0

I have been testing an Apache beam pipeline within Apache beam notebooks provided by GCP using a Kafka instance as a input and Bigquery as output. I have been able to successfully use the pipeline via Interactive runner, but when I deploy the same pipeline to Dataflow runner it seems to never actually read from the Kafka topic that has been defined. Looking into the logs gives me the error:

Failed to read inputs in the data plane. Traceback (most recent call last): File /usr/local/lib/python3.7/site-packages/apache_beam/runners/worker/data_plane.py,

Implementation based on this post here

Any ideas?
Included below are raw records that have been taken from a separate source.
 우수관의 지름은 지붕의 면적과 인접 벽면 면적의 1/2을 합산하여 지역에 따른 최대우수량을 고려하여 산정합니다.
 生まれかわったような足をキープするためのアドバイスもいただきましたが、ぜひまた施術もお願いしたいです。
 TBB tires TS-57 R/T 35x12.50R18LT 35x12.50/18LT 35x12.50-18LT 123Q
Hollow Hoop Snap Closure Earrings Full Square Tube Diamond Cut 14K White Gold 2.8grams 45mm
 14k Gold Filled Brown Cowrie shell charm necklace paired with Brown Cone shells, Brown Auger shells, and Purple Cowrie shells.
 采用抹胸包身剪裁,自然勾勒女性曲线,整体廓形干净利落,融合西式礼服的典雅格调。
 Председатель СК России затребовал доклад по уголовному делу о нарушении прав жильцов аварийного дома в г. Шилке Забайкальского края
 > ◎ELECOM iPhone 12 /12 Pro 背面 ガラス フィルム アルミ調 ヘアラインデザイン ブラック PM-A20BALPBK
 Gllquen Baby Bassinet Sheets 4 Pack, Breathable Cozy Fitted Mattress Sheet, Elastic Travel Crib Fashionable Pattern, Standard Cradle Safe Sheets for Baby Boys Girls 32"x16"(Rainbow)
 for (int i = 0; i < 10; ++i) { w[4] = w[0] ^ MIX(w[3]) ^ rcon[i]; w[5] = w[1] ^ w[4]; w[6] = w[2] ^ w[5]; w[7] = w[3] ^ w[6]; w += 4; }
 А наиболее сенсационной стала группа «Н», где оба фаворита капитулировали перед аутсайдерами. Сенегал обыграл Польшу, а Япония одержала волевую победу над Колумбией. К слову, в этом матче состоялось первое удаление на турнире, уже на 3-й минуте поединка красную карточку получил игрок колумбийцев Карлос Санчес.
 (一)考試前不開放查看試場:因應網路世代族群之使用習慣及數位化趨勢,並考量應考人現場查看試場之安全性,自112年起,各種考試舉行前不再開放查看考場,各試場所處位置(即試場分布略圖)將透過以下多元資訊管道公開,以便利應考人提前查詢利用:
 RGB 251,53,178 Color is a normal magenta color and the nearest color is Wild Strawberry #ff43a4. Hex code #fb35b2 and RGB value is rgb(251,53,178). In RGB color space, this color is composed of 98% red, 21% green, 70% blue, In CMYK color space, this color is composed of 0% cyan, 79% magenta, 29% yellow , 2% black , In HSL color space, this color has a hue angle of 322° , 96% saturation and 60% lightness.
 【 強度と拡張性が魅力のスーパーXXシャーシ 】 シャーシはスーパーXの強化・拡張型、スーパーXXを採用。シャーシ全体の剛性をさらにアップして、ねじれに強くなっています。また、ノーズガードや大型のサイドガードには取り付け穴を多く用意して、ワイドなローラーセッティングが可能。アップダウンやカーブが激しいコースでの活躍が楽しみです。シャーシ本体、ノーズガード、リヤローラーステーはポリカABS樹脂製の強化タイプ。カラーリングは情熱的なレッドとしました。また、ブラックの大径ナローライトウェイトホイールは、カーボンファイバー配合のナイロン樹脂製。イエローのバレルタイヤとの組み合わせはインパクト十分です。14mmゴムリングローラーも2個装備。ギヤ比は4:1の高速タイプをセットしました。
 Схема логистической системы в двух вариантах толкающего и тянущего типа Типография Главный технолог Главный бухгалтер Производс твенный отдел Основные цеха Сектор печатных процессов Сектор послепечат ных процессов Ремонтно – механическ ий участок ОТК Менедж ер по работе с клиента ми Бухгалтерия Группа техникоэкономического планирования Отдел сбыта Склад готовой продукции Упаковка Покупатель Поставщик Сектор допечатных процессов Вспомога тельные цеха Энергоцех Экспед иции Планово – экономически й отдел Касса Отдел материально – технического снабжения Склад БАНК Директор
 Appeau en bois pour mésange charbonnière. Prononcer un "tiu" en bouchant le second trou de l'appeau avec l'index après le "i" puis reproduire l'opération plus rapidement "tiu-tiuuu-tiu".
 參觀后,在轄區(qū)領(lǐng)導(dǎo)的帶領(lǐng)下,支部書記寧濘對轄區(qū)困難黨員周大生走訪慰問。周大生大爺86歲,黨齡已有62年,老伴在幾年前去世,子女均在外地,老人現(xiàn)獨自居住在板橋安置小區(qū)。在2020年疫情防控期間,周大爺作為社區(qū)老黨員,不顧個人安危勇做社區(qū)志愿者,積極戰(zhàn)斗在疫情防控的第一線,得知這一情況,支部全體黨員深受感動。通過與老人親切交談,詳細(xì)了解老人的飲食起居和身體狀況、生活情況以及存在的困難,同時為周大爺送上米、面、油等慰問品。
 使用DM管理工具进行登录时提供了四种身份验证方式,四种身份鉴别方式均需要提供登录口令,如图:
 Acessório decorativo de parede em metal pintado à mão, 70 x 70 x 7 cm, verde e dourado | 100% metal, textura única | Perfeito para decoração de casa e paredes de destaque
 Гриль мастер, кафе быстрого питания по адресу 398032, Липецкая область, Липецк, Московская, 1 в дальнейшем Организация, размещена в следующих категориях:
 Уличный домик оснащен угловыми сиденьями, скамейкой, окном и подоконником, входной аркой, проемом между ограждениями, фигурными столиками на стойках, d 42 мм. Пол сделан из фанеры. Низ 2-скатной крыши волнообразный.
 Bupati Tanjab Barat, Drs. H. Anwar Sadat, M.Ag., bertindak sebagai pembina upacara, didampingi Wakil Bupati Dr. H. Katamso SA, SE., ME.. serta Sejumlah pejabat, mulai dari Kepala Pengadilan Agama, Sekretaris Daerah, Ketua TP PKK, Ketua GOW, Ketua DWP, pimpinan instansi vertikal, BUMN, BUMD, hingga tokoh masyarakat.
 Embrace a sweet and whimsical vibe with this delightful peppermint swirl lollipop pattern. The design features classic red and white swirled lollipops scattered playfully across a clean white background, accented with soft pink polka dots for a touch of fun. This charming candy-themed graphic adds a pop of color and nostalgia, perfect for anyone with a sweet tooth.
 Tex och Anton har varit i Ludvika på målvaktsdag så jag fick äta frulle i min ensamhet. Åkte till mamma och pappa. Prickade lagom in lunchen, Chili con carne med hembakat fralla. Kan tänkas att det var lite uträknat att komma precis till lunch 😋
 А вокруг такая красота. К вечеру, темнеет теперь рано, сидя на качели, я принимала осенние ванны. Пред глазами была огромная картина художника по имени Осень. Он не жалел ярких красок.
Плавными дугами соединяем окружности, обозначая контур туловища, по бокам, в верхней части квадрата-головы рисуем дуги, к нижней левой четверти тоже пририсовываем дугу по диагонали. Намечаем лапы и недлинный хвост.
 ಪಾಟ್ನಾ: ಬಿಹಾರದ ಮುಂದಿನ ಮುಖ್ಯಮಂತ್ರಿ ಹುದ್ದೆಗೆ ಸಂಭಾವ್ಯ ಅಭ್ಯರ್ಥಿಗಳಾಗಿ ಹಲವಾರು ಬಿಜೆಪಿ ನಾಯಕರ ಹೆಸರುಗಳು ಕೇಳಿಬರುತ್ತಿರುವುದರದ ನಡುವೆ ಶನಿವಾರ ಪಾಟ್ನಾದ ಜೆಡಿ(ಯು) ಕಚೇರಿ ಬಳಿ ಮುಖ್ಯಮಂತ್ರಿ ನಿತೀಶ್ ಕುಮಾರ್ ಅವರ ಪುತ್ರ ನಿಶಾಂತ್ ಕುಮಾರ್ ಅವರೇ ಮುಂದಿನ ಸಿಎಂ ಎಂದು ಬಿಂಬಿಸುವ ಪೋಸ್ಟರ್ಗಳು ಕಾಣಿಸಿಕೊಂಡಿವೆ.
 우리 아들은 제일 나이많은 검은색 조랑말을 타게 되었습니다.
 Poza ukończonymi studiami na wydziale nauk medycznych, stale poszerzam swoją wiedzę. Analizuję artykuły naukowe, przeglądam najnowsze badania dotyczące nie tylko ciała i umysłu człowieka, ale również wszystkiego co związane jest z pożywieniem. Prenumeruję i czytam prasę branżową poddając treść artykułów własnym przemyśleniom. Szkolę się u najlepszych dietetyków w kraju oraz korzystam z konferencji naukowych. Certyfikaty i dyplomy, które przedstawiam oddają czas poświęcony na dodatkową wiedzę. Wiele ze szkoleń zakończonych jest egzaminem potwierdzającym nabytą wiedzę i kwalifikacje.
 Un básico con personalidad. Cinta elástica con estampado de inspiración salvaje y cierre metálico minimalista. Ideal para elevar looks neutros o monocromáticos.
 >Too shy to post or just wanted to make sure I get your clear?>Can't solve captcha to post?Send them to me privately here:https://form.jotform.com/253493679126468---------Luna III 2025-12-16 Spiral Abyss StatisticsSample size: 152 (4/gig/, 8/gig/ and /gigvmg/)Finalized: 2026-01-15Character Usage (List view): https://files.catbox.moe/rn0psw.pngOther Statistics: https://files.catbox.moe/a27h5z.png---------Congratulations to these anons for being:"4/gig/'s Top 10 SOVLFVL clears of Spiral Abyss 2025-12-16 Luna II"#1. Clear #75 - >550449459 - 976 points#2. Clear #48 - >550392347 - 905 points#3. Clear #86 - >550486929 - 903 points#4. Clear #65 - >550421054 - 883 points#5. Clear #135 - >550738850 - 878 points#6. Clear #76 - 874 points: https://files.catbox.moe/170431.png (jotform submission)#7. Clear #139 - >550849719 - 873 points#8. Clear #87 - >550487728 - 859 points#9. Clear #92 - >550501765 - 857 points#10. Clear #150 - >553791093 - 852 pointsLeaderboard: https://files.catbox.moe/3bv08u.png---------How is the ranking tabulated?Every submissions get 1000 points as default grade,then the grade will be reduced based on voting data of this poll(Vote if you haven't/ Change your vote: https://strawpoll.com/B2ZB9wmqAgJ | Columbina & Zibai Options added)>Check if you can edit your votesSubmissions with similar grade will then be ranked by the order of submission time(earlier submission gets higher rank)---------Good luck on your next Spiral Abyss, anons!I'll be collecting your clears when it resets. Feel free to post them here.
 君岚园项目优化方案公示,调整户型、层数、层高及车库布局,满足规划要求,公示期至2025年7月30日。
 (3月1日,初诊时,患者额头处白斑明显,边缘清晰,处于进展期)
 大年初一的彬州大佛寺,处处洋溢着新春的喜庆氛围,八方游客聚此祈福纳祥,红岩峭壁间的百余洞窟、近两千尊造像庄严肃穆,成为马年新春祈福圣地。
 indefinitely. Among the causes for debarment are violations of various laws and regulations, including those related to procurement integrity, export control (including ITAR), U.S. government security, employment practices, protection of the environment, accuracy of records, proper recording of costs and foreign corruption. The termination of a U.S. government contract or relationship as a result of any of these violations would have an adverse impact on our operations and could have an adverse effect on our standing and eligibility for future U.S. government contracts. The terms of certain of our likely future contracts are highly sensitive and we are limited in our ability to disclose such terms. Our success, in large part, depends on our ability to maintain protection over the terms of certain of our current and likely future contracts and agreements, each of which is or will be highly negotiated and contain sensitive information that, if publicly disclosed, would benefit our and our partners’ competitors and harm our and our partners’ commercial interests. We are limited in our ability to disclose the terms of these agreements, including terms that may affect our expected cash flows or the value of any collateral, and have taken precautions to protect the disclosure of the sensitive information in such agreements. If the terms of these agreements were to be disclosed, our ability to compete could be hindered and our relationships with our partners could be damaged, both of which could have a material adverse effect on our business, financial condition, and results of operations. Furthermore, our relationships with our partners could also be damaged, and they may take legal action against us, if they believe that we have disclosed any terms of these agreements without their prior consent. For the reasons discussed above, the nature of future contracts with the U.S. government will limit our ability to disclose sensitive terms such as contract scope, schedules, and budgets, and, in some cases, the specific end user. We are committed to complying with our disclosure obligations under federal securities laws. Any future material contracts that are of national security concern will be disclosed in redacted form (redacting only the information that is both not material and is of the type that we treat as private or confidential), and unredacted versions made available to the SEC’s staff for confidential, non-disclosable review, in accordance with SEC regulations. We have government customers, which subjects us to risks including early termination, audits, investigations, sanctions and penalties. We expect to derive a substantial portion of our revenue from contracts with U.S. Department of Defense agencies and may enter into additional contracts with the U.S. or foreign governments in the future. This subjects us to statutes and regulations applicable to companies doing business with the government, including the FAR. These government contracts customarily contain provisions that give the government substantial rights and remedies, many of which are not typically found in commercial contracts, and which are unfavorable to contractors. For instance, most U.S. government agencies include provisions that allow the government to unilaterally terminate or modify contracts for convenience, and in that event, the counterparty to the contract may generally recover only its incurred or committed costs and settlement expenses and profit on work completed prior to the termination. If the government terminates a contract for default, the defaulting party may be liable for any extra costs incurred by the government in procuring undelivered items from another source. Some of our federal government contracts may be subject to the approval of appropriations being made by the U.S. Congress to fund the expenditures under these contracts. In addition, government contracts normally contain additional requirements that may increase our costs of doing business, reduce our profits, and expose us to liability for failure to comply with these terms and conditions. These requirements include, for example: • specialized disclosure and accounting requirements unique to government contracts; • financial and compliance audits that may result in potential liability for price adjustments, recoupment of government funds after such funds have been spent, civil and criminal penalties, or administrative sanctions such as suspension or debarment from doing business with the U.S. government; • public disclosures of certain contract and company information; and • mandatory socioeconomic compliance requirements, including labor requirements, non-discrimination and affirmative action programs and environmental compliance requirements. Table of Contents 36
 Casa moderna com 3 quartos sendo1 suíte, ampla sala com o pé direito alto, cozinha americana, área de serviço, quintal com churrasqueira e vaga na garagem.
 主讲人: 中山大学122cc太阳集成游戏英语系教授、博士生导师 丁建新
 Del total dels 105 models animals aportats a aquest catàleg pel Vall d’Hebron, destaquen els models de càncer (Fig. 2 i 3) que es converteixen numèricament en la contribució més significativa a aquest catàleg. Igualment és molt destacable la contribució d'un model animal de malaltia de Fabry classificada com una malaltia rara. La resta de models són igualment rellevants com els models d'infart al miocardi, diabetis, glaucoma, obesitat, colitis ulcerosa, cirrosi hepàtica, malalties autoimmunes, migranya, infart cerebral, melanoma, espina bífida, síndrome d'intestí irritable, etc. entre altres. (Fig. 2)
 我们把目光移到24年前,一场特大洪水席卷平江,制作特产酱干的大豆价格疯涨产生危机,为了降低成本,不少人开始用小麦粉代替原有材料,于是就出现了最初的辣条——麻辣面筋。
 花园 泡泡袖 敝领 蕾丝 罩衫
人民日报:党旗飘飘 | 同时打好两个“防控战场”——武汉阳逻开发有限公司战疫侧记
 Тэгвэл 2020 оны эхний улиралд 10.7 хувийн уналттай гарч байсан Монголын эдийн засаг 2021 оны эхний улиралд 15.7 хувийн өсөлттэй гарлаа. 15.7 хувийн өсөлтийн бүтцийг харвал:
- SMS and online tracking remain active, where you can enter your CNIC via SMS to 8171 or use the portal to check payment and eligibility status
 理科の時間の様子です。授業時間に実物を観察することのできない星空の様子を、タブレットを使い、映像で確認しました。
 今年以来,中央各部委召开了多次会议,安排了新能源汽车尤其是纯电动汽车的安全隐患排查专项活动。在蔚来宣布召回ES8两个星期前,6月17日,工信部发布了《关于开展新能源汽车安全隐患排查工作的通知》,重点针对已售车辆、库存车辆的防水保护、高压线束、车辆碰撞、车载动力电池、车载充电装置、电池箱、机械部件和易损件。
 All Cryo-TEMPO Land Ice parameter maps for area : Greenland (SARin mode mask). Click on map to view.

Code provided below:

from __future__ import print_function
import apache_beam as beam
from apache_beam.options.pipeline_options import PipelineOptions
from beam_nuggets.io import kafkaio

kafka_config = {"topic": kafka_topic, "bootstrap_servers": ip_addr}

# p = beam.Pipeline(interactive_runner.InteractiveRunner(), options=options) # <- use for test
p = beam.Pipeline(DataflowRunner(), options=options) # <- use for dataflow implementation

notifications = p | "Reading messages from Kafka" >> kafkaio.KafkaConsume(kafka_config) 
preprocess = notifications | "Pre-process for model" >> beam.ParDo(preprocess()) 
model = preprocess | "format & predict" >> beam.ParDo(model())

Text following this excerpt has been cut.